The American Rescue Plan Act of 2021 (ARPA), among other significant items, imposed new obligations for employers pursuant to the Consolidated Omnibus Reconciliation Act (“COBRA”). Specifically, ARPA requires employers to provide COBRA premium subsidies to certain employees from April 1, 2020 through September 30, 2021. The requirement comes with complicating definitions, retroactivity provisions, and new forms, creating a temporary compliance issue for employers. On April 7, 2021, the United States Department of Labor issued Model Notices and “FAQ’s” to assist with these compliance issues.

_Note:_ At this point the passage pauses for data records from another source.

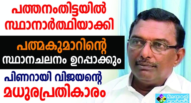 ഇതിന്റെ ഭാഗമായി പത്തനംതിട്ട കേന്ദ്രീകരിച്ച് പ്രവര്ത്തിക്കാന് പത്മകുമാറിന് പാര്ട്ടി നിര്ദേശം നല്കി. പത്മകുമാറിനെ മാറ്റിയേ അടങ്ങൂവെന്ന വാശിയിലാണ് മുഖ്യമന്ത്രി. ശബരിമല വിഷയം സര്ക്കാരിന് ഇത്രയധികം ദേഷമായി ഭവിച്ചത് പത്മകുമാറിന്റെ അഴകൊഴമ്പന് നയമാണെന്നാണ് മുഖ്യമന്ത്രിയുടെ നിലപാട്. പാര്ട്ടിക്കൊപ്പം നിന്ന് ഉറച്ച നിലപാട് എടുക്കേണ്ടതിനു പകരം പത്മകുമാര് സര്ക്കാരിനെ പലവട്ടം സമ്മര്ദത്തിലാക്കി. ഏറ്റവും ഒടുവില് സര്ക്കാര് സുപ്രീംകോടതിയില് സമര്പ്പിച്ച ശബരിമല കയറിയ 51 യുവതികളുടെ ലിസ്റ്റിലും പാര്ട്ടിയേയും സര്ക്കാരിനേയും തള്ളുന്ന നിലപാടായിരുന്നു പത്മകുമാര് സ്വീകരിച്ചത്. പത്മകുമാറിനെ ഇതോടെ മാറ്റിയേ തീരുവെന്ന ഉറച്ചതീരുമാനത്തില് മുഖ്യമന്ത്രി എത്തുകയായിരുന്നു.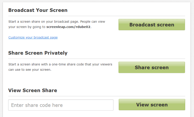To share you screen out using this app, you have two options from Screenleap.com. You can select Broadcast screen and share out your desktop to anyone who has your URL link (requires that you sign up for an account with your email). Or, you can select Share screen to immediately share out your screen and get the code to send to the person you want to share your screen with.
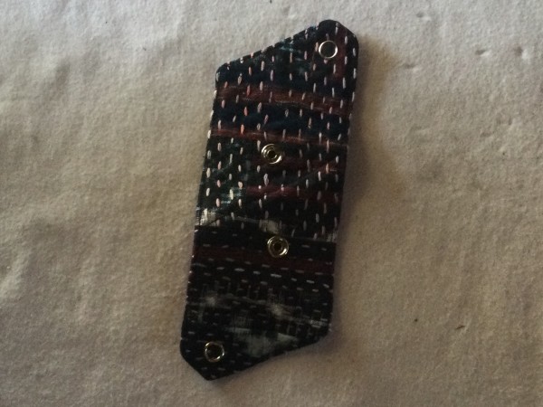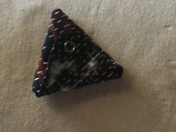 絣地に刺し子をして三角コインケースに仕上げる

The COBRA subsidy is available from April 1, 2021 to September 30, 2021 to “assistance eligible individuals,” that is, individuals who are eligible for COBRA coverage as a result of an involuntary termination or a reduction in hours. The Act specifically excludes individuals who voluntarily terminate their employment. “Assistance eligible individuals” are not required to pay their COBRA premiums from April 1, 2021 through September 30, 2021. The employer or plan to whom the individual would normally pay premiums is entitled to a Medicare tax credit for the amount of the premium assistance. There is no guidance from the Department of Labor or the Internal Revenue Service regarding these tax credits.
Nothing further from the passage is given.